Mark Clayton, the Democratic Party’s unconventional, disavowed candidate for the U.S. Senate, didn’t push the button for party nominee Barack Obama in the 2008 presidential election. He said he voted for Constitution Party candidate Chuck Baldwin, a personal friend from his days in Pensacola, Fla.

“I used to go to his church,” Clayton said at a news conference last week. “If you have a friend that’s running for president and you like them and you agree with a lot of the things that he says … I did that as a supportive friend.”

The Southern Poverty Law Center has tagged Baldwin, a conservative Christian minister and radio host, as a promoter of hateful views. The center also has labeled Public Advocate of the United States, an organization Clayton plays a role in, as an anti-gay hate group, which was one reason for the Tennessee Democratic Party’s decision to disavow him as its Senate nominee.

“Besides leading a new congregation in Kalispell (Montana) that includes well-known white supremacists Randy Weaver and April Gaede, Baldwin hosts a daily one-hour radio program, ‘Chuck Baldwin Live,’ ” the center says on its web site.

“He also is a prolific writer, penning regular columns that are archived on his website and at VDARE.com, a racist website known for bashing immigrants.
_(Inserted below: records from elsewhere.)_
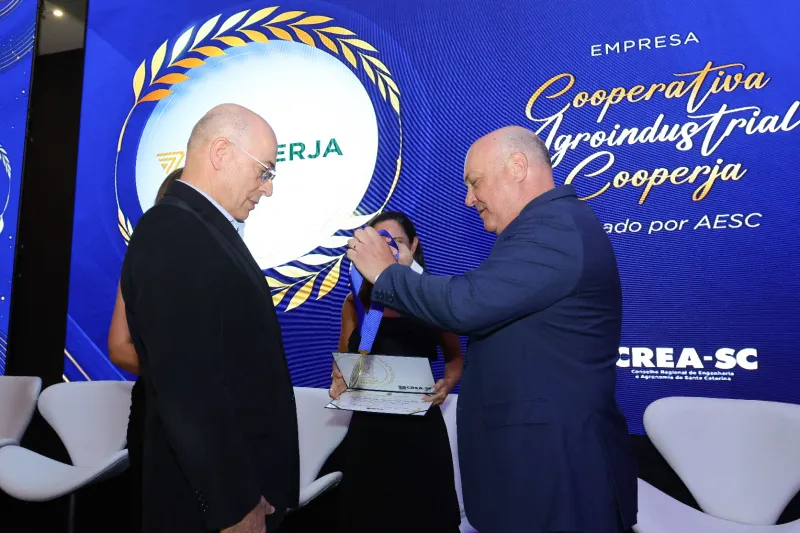 A Menção Honrosa, concedida à Cooperja, reconhece instituições que contribuem para o progresso e para o desenvolvimento socioeconômico do Brasil. Para o presidente da Cooperja/Ocesc, Vanir Zanatta, a homenagem representa o reconhecimento de uma trajetória construída com responsabilidade, inovação e compromisso com o desenvolvimento regional. “Essa homenagem, a Cooperja divide com cada profissional da engenharia que passou por nós. A começar pelo engenheiro agrônomo, Dr Joaquim Pedro Coelho, idealizador da nossa Cooperja. Hoje 56 anos após, somos agraciados com esse importante reconhecimento, eles fazem a diferença entre fazer do mesmo jeito e fazer melhor, em todas as áreas que atuam. A todos os nossos profissionais da engenharia, para AESC/Sul, muito obrigado. Em nome do cooperativismo catarinense, que nesta noite estava representado pela Cooperja e pela Ceraça, gratidão ao CREA/SC pela indicação e reconhecimento. É por esses momentos, que vale a pena todo nosso esforço”, agradece Zanatta.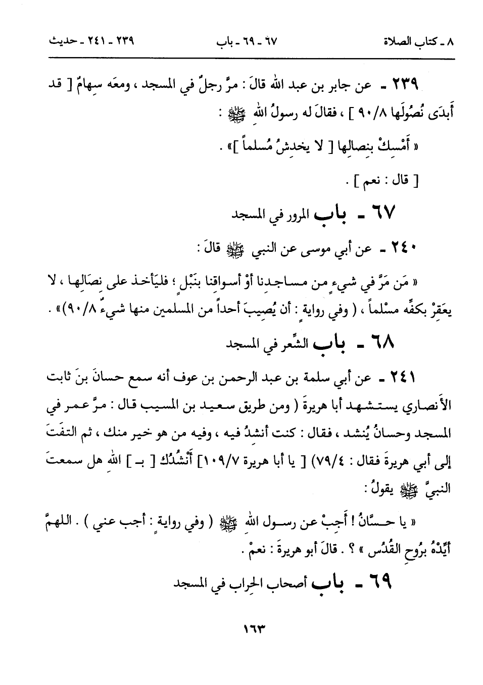 239 - عن جابر بن عبد الله قالَ: مرَّ رجلٌ في المسجد، ومعَه سِهامٌ [قد أَبدَى نُصُولَها 8/ 90]، فقالَ له رسولُ اللهِ - صلى الله عليه وسلم -: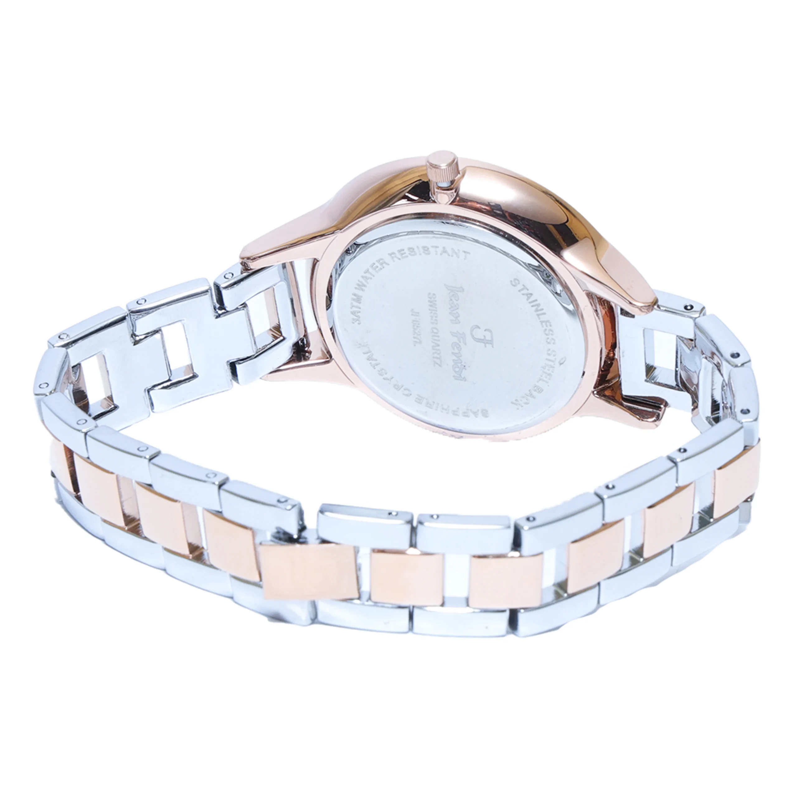 Material: Premium stainless steel Finish: Rose-gold plated case with polished accents Diameter: Approx. 36mm (ideal feminine size) Water Resistance: 3 ATM

He has condemned Islam as a ‘bloody, murderous religion’ and referred to Martin Luther King Jr. as an apostate. He sympathizes with Joseph Stack, the tax protester who flew a plane into an IRS office building in 2010, killing himself and an IRS employee.”

The Wall Street Journal’s web site reported in 2008 that Baldwin, a former Moral Majority official, “advocates a limited federal government, a hard-line position on immigration and an end to America’s role in the international organizations that comprise a ‘new world order.’ ” U.S. Rep. Ron Paul of Texas, a candidate for the Republican presidential nomination in 2008 and 2012, endorsed Baldwin in 2008.

Clayton, who has expressed appreciation for some of Paul’s views, wrote of a “new world order” on his 2008 campaign website. (He now has a new site.) But while stopping short of supporting amnesty for illegal immigrants during an interview last week, he expressed sympathy for their plight, saying they deserve full civil rights.

“We don’t want to create new pain and suffering,” Clayton said. “If millions of people are here illegally, if that’s wrong, it’s not their fault. It’s a policy issue, a border issue.”

He also said he was concerned about the disproportionate number of African-American men in prison.

Clayton said he “might have different views” than Baldwin, whose church he attended for a year when he was in college in Pensacola.

“I just think of him as a man of conscience who promotes the Gospel boldly and without compromise,” Clayton said. “You have to expect that from a pastor. It’s a pastor’s job to preach against sin.”

Clayton has criticized the Southern Poverty Law Center, saying it uses its list of hate groups as a fund-raising tactic.